■ **PROVIDED DATA**:
________________________

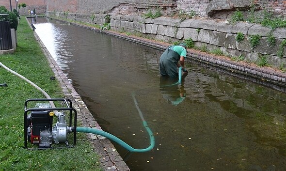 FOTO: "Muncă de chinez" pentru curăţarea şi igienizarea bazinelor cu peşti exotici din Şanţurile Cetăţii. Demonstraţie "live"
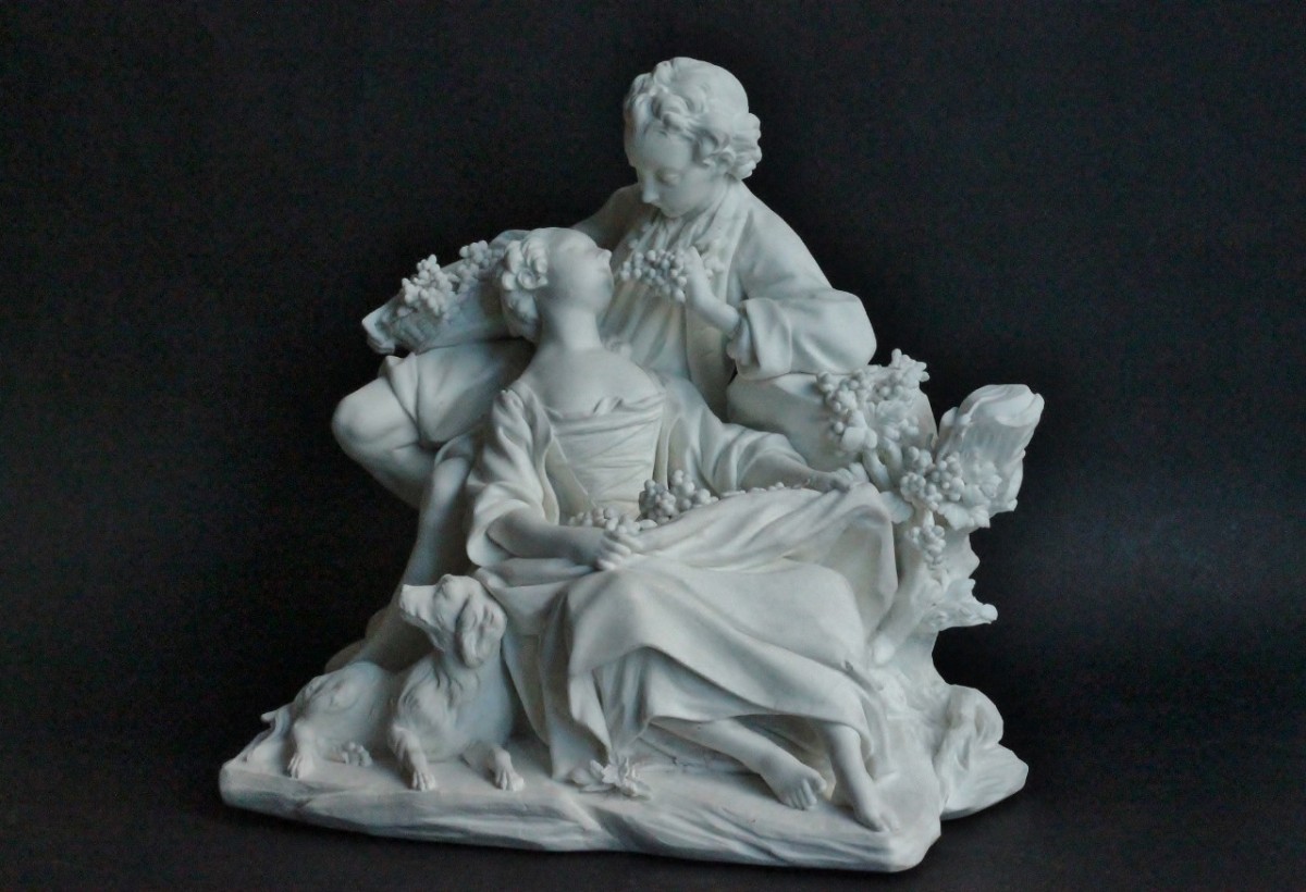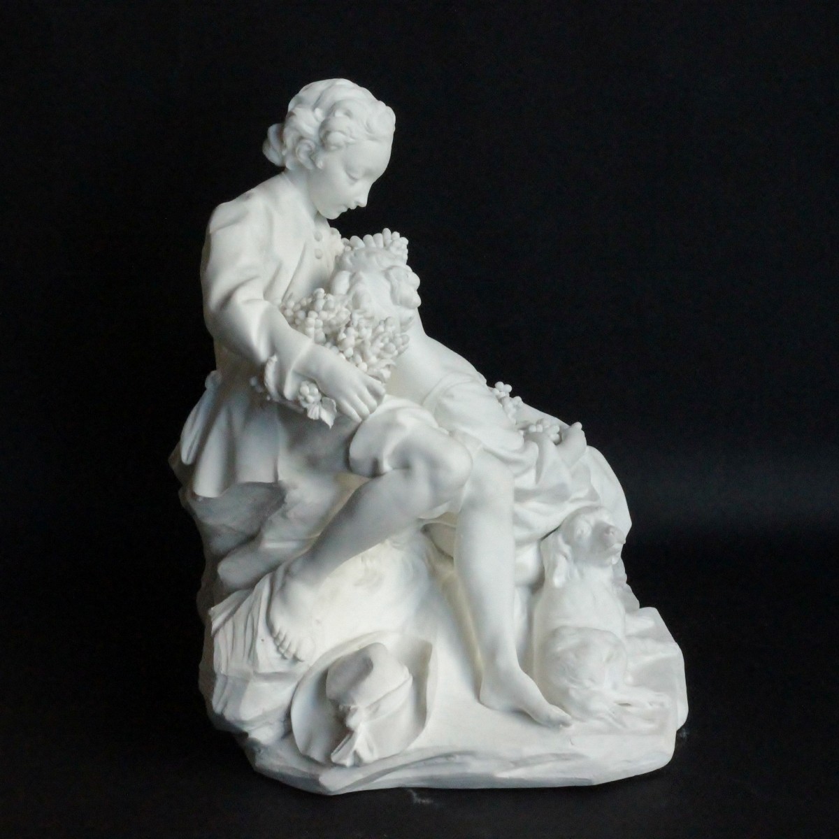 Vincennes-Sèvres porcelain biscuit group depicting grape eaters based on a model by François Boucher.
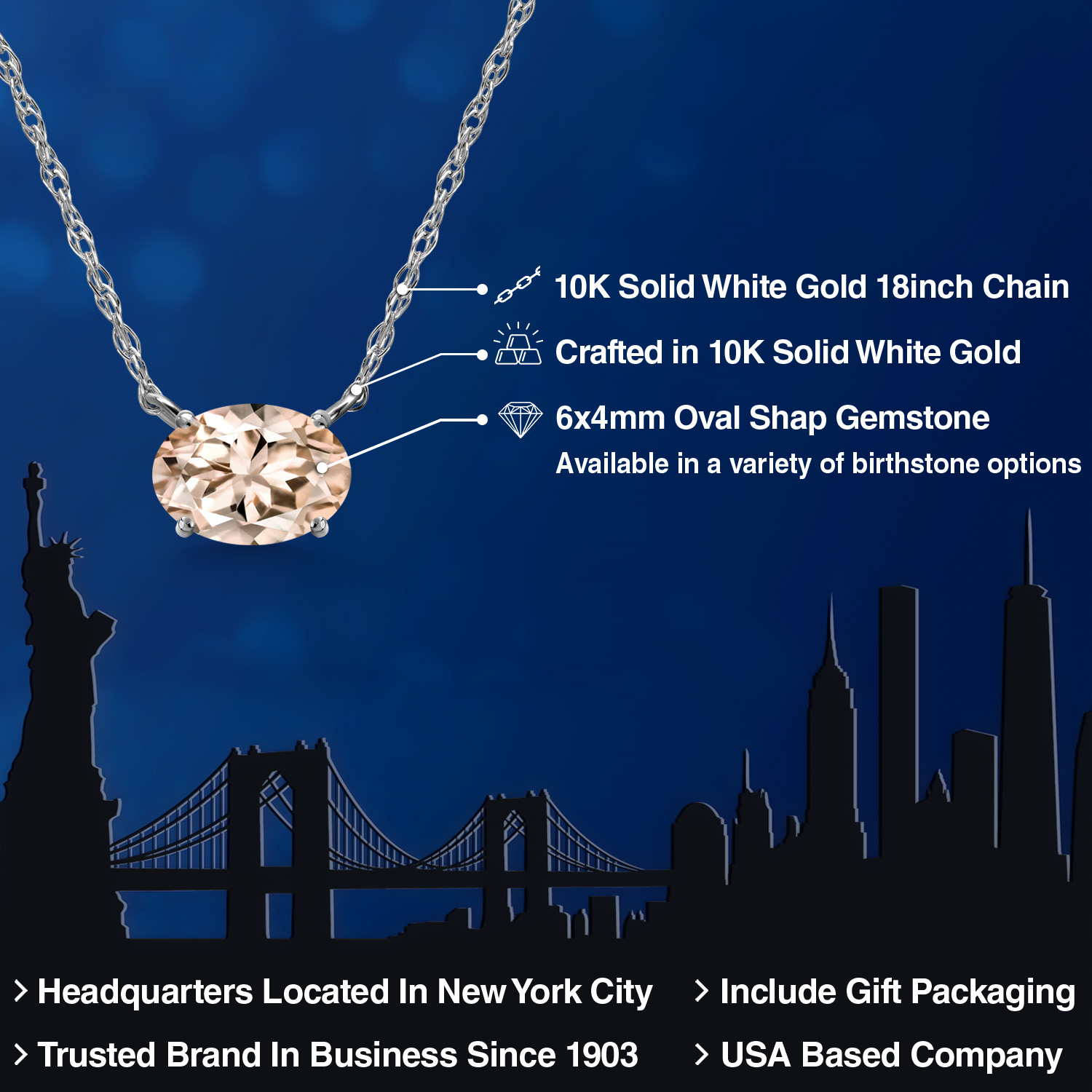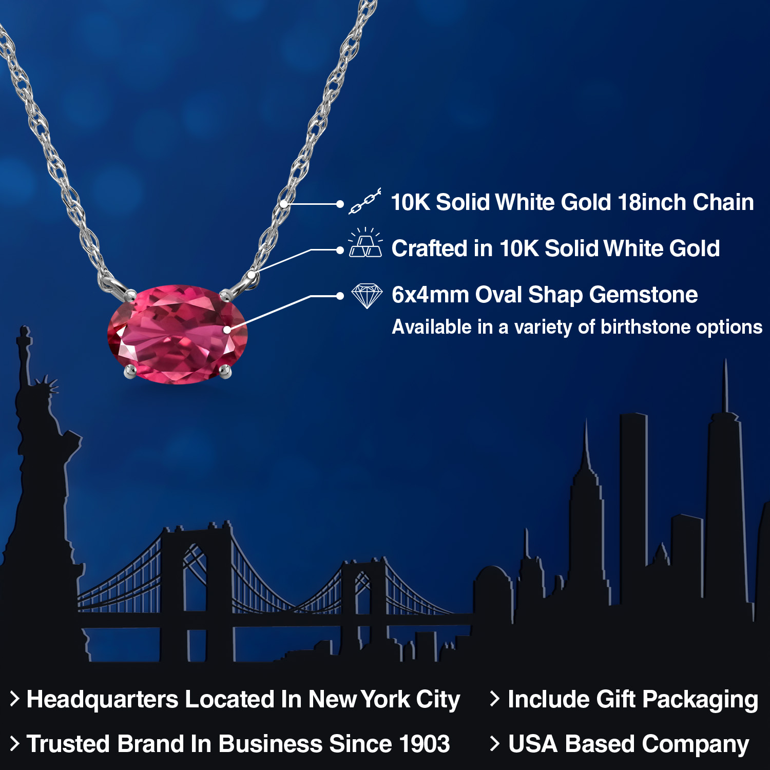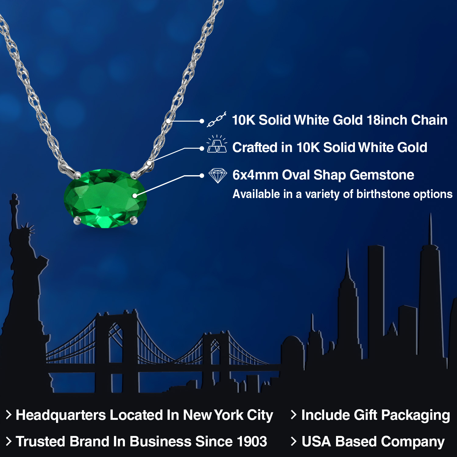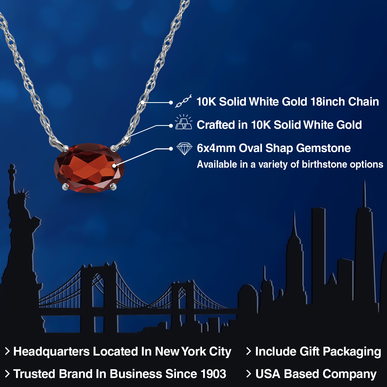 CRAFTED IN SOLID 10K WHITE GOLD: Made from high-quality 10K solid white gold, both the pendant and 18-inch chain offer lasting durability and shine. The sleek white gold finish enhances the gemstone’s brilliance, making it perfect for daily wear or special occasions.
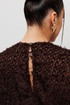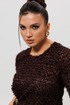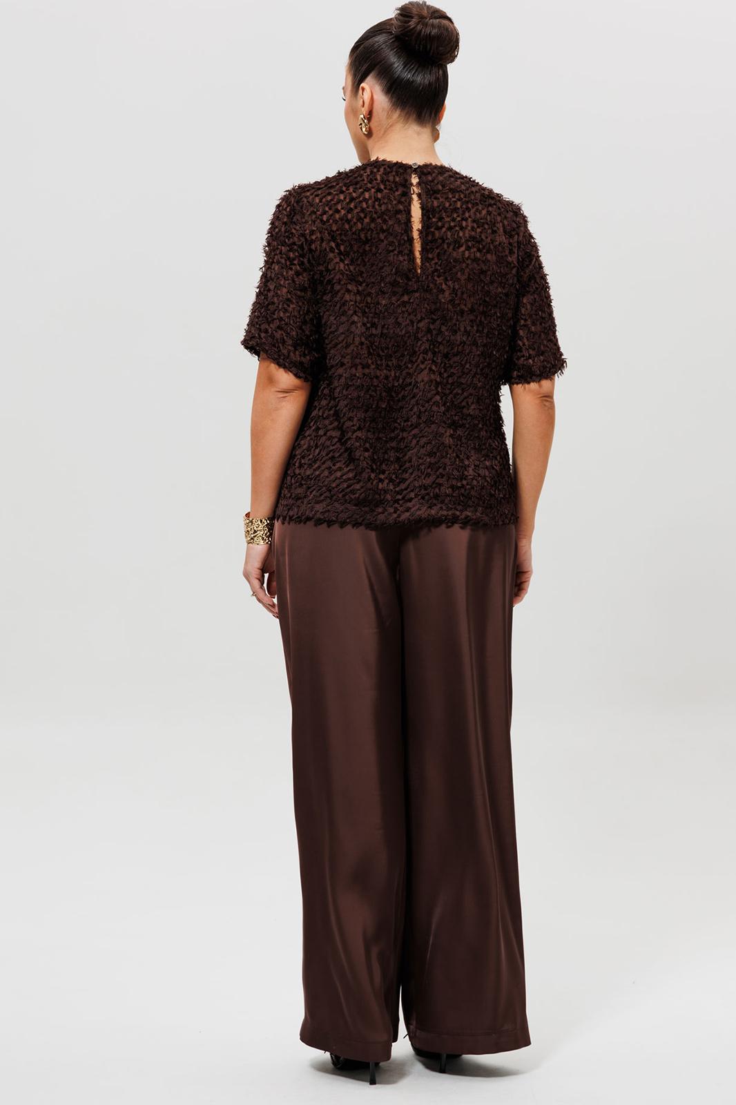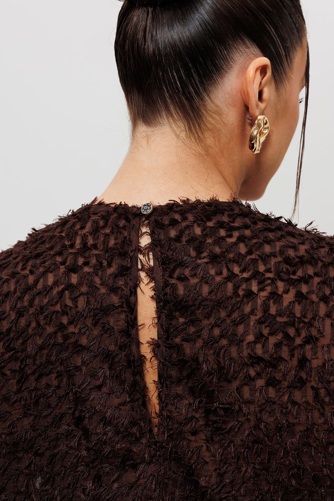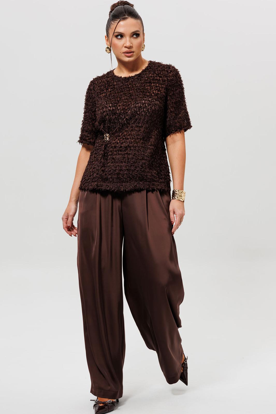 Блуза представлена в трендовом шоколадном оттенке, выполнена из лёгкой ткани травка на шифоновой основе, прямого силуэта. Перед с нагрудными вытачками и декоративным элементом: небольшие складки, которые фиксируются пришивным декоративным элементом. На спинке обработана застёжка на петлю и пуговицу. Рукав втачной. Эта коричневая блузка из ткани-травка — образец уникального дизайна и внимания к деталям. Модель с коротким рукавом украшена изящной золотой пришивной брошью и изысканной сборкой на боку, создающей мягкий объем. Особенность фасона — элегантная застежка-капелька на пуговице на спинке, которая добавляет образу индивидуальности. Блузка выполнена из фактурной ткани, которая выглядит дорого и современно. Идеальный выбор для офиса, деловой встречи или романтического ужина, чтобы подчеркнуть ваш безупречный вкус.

________________________

■ **PROBLEM TO SOLVE**: Whenever a picture appears in the listing, leave it out; copy everything else exactly.

■ **EXERCISE SOLUTION**:
 FOTO: "Muncă de chinez" pentru curăţarea şi igienizarea bazinelor cu peşti exotici din Şanţurile Cetăţii. Demonstraţie "live"
 Vincennes-Sèvres porcelain biscuit group depicting grape eaters based on a model by François Boucher.
 CRAFTED IN SOLID 10K WHITE GOLD: Made from high-quality 10K solid white gold, both the pendant and 18-inch chain offer lasting durability and shine. The sleek white gold finish enhances the gemstone’s brilliance, making it perfect for daily wear or special occasions.
 Блуза представлена в трендовом шоколадном оттенке, выполнена из лёгкой ткани травка на шифоновой основе, прямого силуэта. Перед с нагрудными вытачками и декоративным элементом: небольшие складки, которые фиксируются пришивным декоративным элементом. На спинке обработана застёжка на петлю и пуговицу. Рукав втачной. Эта коричневая блузка из ткани-травка — образец уникального дизайна и внимания к деталям. Модель с коротким рукавом украшена изящной золотой пришивной брошью и изысканной сборкой на боку, создающей мягкий объем. Особенность фасона — элегантная застежка-капелька на пуговице на спинке, которая добавляет образу индивидуальности. Блузка выполнена из фактурной ткани, которая выглядит дорого и современно. Идеальный выбор для офиса, деловой встречи или романтического ужина, чтобы подчеркнуть ваш безупречный вкус.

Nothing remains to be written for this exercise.